Your goal:
Retype word for word the stretch of entries below from the line that has "This original black" through the line that has "Jestem członkiem towarzystw", and omit the pictures.

Material for the task:
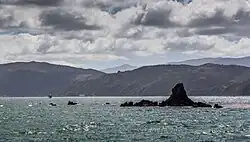 Steeple Rock/Te Aroaro-o-Kupe is a large rock off Seatoun at the west of the entrance to Wellington Harbour, rising 7 metres (23 ft) above sea level. The rock plays a role in warning ships off the coast. It is the location of a marine light and an unbeaconed trig station (‘Steeple Rock Light’, geodetic code B0XX).
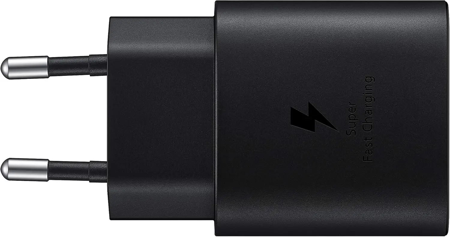 This original black Samsung 25W USB-C wall charger provides ultra-fast and secure power delivery for your devices in a compact, cable-free design.
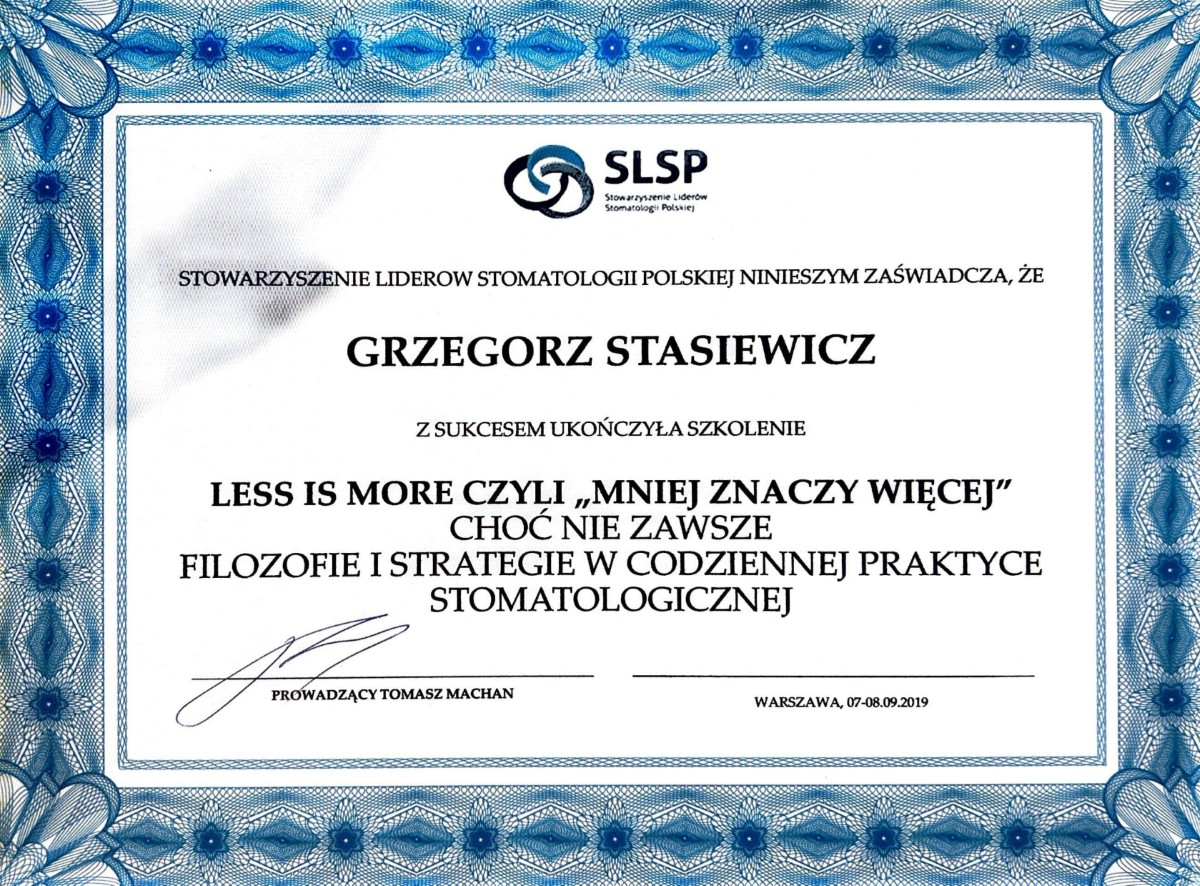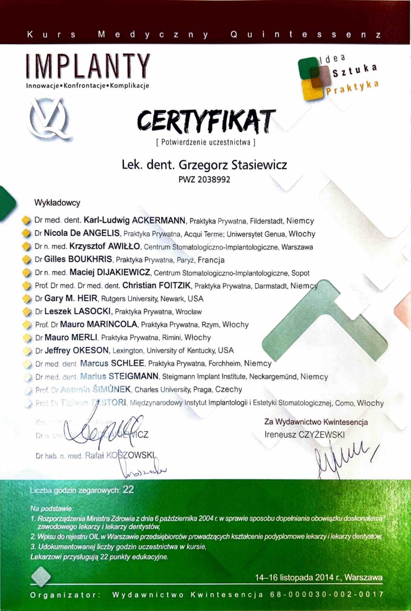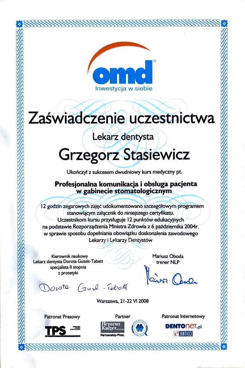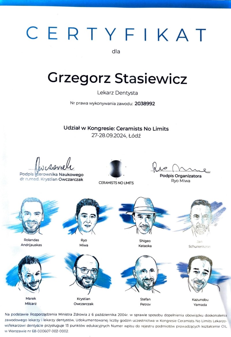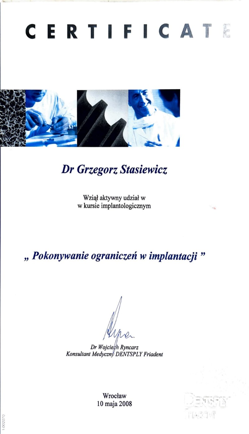 Jestem członkiem towarzystw chirurgii stomatologicznej oraz wielu grup dyskusyjnych zrzeszających chirurgów stomatologicznych, pozwalających na bieżąco aktualizować najwyższe standardy w chirurgii jamy ustnej.
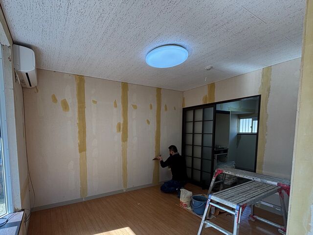 天井の塗装が終わったら、続いて壁のクロス貼替です。パテで下地処理を行います。
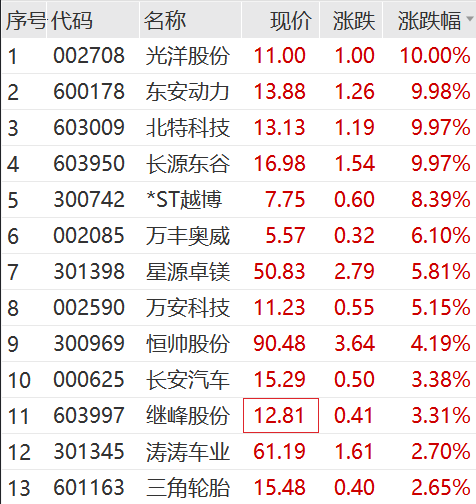 汽车板块上午直线拉升,光洋股份、东安动力、长源东谷、北特科技(维权)等多股涨停,千亿市值的长安汽车、潍柴动力均有明显涨幅。
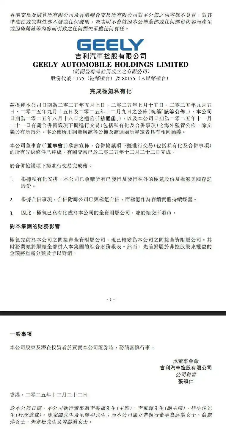 💎 核心总结极氪的退市本质上是一次战略调整,标志着其从独立运营的上市公司,转变为吉利汽车集团深度整合的业务单元。此举有望帮助极氪摆脱短期盈利压力,更专注于产品与技术发展,同时也强化了吉利在高端新能源领域的整体竞争力。
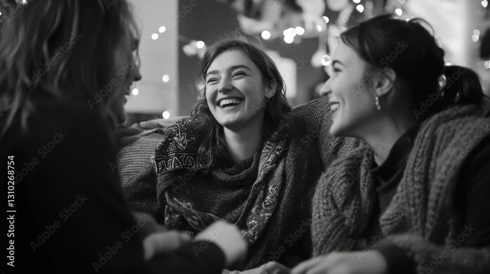 Joyful gathering of friends relaxing indoors with cozy atmosphere #1310268754
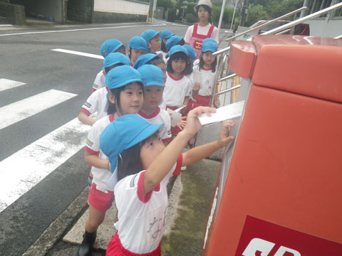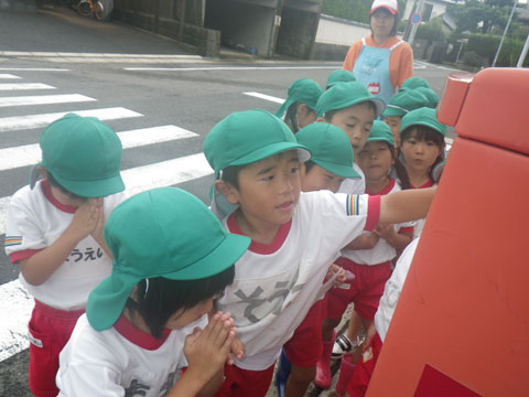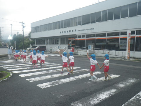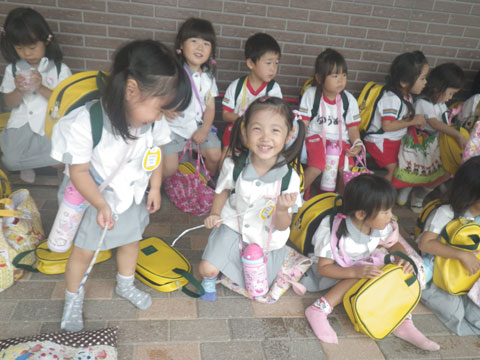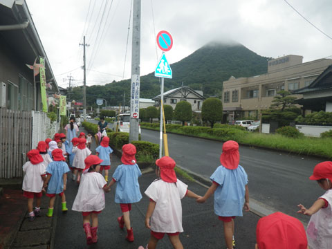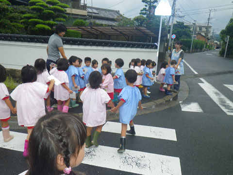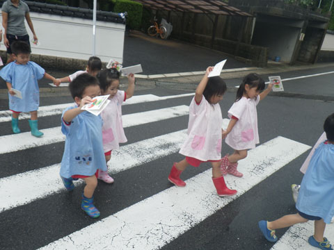 そして、雨がやんだのを見計らって、年中組・年少組さんがお出かけ

Final answer:
 This original black Samsung 25W USB-C wall charger provides ultra-fast and secure power delivery for your devices in a compact, cable-free design.
 Jestem członkiem towarzystw chirurgii stomatologicznej oraz wielu grup dyskusyjnych zrzeszających chirurgów stomatologicznych, pozwalających na bieżąco aktualizować najwyższe standardy w chirurgii jamy ustnej.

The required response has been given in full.